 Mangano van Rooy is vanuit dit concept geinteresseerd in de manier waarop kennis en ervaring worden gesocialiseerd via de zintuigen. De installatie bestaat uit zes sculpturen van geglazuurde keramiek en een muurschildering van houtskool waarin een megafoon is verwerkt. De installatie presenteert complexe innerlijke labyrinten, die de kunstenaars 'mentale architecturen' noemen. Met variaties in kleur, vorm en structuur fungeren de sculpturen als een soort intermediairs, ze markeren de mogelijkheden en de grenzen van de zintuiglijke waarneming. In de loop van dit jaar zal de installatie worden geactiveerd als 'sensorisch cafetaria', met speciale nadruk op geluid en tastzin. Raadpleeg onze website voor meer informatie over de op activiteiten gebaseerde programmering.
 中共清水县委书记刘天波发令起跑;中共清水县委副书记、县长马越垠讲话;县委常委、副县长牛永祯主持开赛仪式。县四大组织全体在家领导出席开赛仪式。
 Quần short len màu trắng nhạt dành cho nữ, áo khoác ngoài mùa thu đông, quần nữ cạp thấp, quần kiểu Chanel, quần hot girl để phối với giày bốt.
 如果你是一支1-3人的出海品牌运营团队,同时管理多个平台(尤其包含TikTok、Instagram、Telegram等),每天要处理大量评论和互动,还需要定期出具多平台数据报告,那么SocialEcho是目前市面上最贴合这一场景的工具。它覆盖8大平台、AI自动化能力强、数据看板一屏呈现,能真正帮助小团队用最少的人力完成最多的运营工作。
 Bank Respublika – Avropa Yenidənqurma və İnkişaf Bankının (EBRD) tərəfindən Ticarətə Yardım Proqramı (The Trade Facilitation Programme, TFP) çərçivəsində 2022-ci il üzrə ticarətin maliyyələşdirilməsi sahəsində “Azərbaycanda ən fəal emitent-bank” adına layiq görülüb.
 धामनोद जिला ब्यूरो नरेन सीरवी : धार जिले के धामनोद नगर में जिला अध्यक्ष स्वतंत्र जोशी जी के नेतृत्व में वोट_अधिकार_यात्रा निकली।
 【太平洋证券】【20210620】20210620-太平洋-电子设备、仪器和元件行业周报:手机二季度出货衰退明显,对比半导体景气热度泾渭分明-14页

▸ **TRY IT**
Would you set down exactly the lines from the line with "Bank Respublika –" through the last one in the material?

▸ **ANSWER AREA**
 Bank Respublika – Avropa Yenidənqurma və İnkişaf Bankının (EBRD) tərəfindən Ticarətə Yardım Proqramı (The Trade Facilitation Programme, TFP) çərçivəsində 2022-ci il üzrə ticarətin maliyyələşdirilməsi sahəsində “Azərbaycanda ən fəal emitent-bank” adına layiq görülüb.
 धामनोद जिला ब्यूरो नरेन सीरवी : धार जिले के धामनोद नगर में जिला अध्यक्ष स्वतंत्र जोशी जी के नेतृत्व में वोट_अधिकार_यात्रा निकली।
 【太平洋证券】【20210620】20210620-太平洋-电子设备、仪器和元件行业周报:手机二季度出货衰退明显,对比半导体景气热度泾渭分明-14页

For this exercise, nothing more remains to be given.